The Stochastic Parrot on LLM's Shoulder: A Summative Assessment of Physical Concept Understanding
In a systematic way, we investigate a widely asked question: Do LLMs really understand what they say?, which relates to the more familiar term Stochastic Parrot. To this end, we propose a summative assessment over a carefully designed physical concept understanding task, PhysiCo. Our task alleviates the memorization issue via the usage of grid-format inputs that abstractly describe physical phenomena. The grids represents varying levels of understanding, from the core phenomenon, application examples to analogies to other abstract patterns in the grid world. A comprehensive study on our task demonstrates: (1) state-of-the-art LLMs, including GPT-4o, o1 and Gemini 2.0 flash thinking, lag behind humans by ~40%; (2) the stochastic parrot phenomenon is present in LLMs, as they fail on our grid task but can describe and recognize the same concepts well in natural language; (3) our task challenges the LLMs due to intrinsic difficulties rather than the unfamiliar grid format, as in-context learning and fine-tuning on same formatted data added little to their performance.
Discussion
Host: Hello everyone, and welcome back to the podcast! Today, we're diving into the fascinating world of Large Language Models, or LLMs, and trying to answer a pretty fundamental question: do these things really understand what they're saying, or are they just really good at mimicking?
Guest: That's the million-dollar question, isn't it? We've seen LLMs achieve incredible feats, even surpassing humans on some tasks. It's natural to wonder if there's actual understanding happening or if it's all just clever pattern recognition.
Host: Exactly! And that's where our guest's research comes in. They've been working on a project called 'PhysiCo' to try and get to the bottom of this 'Stochastic Parrot' phenomenon. Welcome to the show! Can you give us a bit of background on the 'Stochastic Parrot' idea for listeners who might not be familiar with it?

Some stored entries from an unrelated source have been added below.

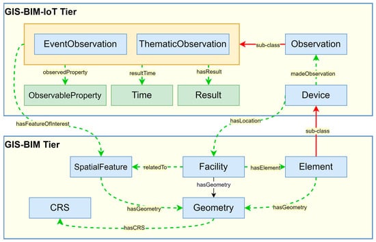 GIS-BIM-IoT integrated ontology (Green arrows represent object properties between different ontology classes. Red arrows denote class hierarchies (sub-class relationships)).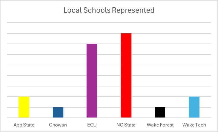 We have strong partnerships with local universities and regularly participate in career fairs at NC State, East Carolina University, Campbell University, Wake Tech, and others. Internships are a critical part of our recruiting strategy, and many of our full-time hires began as interns.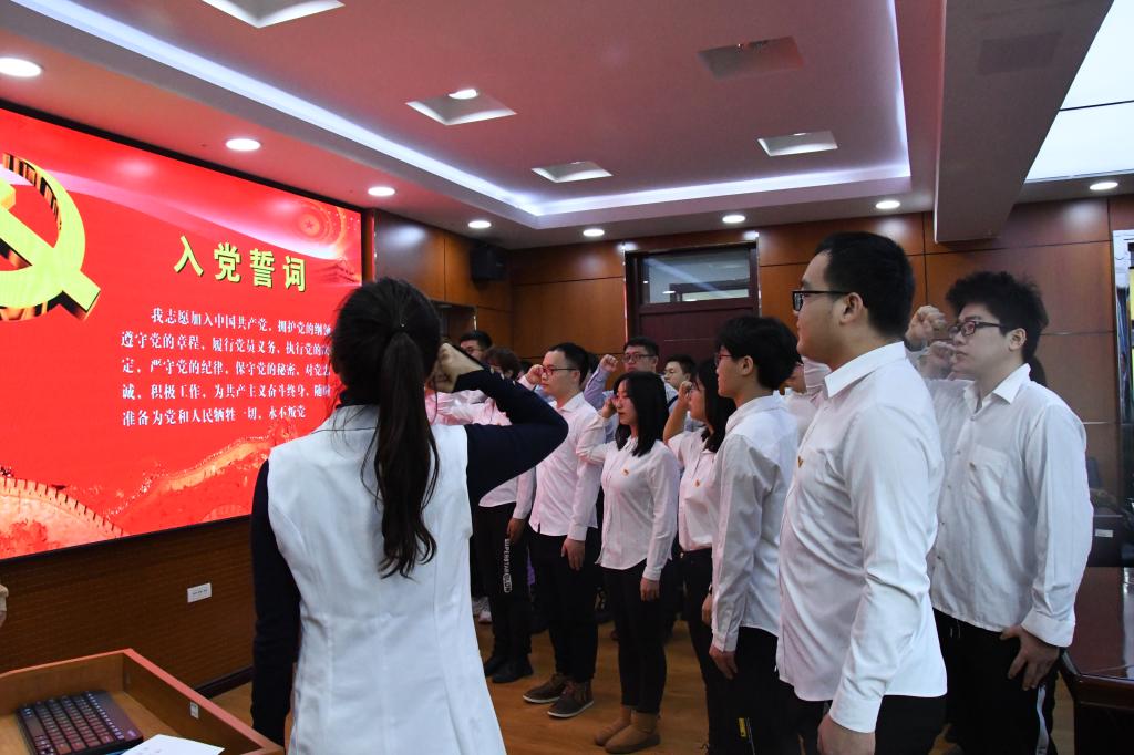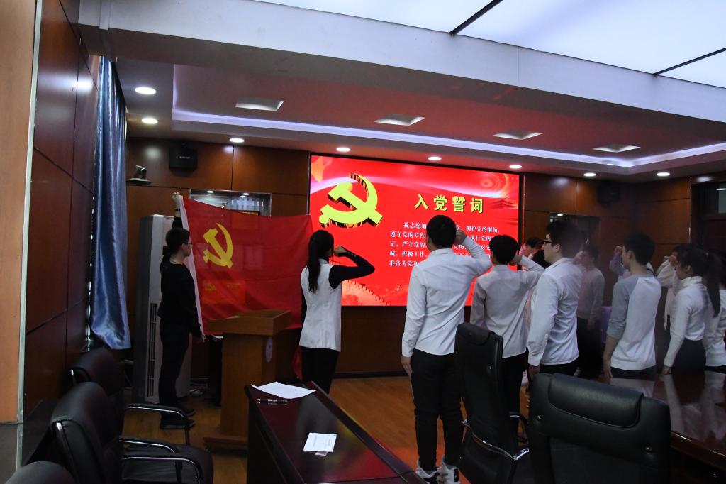 入党宣誓仪式”在学院三楼会议室隆重举行。参加此次活动的有学院党委副书记栾志伟、学院党委办公室主任周靓以及19名新党员。

Guest: Sure thing! The 'Stochastic Parrot' argument, famously put forth by Bender and Koller, suggests that LLMs, despite their impressive abilities, might simply be repeating words based on correlations without possessing true understanding or meaning. It's like a parrot mimicking human speech – it can produce the sounds, but it doesn't necessarily grasp the concepts behind them. And it is important to note that the stochastic parrot argument is not merely about the LLM's lack of consciousness or subjective experience; it questions the LLM's ability to genuinely process information, reason, and make inferences based on understanding. A true understanding entails that the LLM can connect concepts, apply them in new contexts, and recognize the implications of its statements, abilities that the stochastic parrot argument suggests are absent.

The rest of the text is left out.